TASK DIRECTIONS -> Word for word, reproduce each line of the data below, omitting every image.

------ DATASET EXCERPT ------

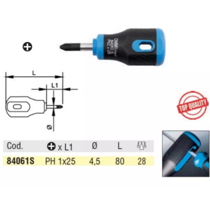 Giravite OMMA tipo corto per vite a croce Philips. In acciao al cromo vanadio - cromati punta nera manico in bi-componente. CROCE PHILIPS 1 GAMBO 25 mm.
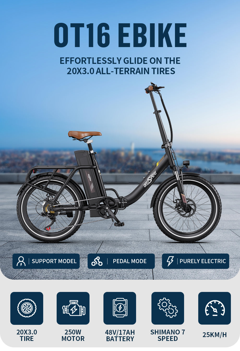 ONESPORT OT16-2 Step-Thru Electric Bike Combo
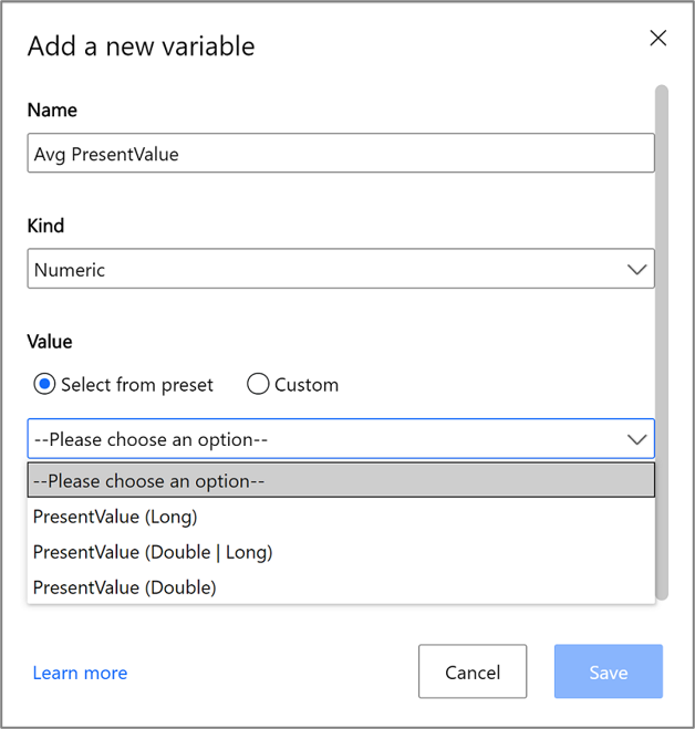 Azure 时序见解资源管理器提供了一种方法来自动联合同一设备属性的不同列。 在下面的示例中,传感器会发送一个 PresentValue 属性,该属性可以是 Long 或 Double。 若要查询 PresentValue 属性的所有已存储值(不管数据类型如何),请选择 PresentValue (Double | Long),系统会替你联合这些列。
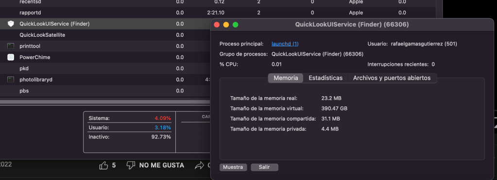 Esto puede suceder en varios tipos de archivos o en todos, por lo que para solucionarlo lo que haremos será reiniciar el programa de vista rápida, para ello, debemos ir al monitor de actividad de macOS, que se encuentra

------

TASK OUTPUT ->
 Giravite OMMA tipo corto per vite a croce Philips. In acciao al cromo vanadio - cromati punta nera manico in bi-componente. CROCE PHILIPS 1 GAMBO 25 mm.
 ONESPORT OT16-2 Step-Thru Electric Bike Combo
 Azure 时序见解资源管理器提供了一种方法来自动联合同一设备属性的不同列。 在下面的示例中,传感器会发送一个 PresentValue 属性,该属性可以是 Long 或 Double。 若要查询 PresentValue 属性的所有已存储值(不管数据类型如何),请选择 PresentValue (Double | Long),系统会替你联合这些列。
 Esto puede suceder en varios tipos de archivos o en todos, por lo que para solucionarlo lo que haremos será reiniciar el programa de vista rápida, para ello, debemos ir al monitor de actividad de macOS, que se encuentra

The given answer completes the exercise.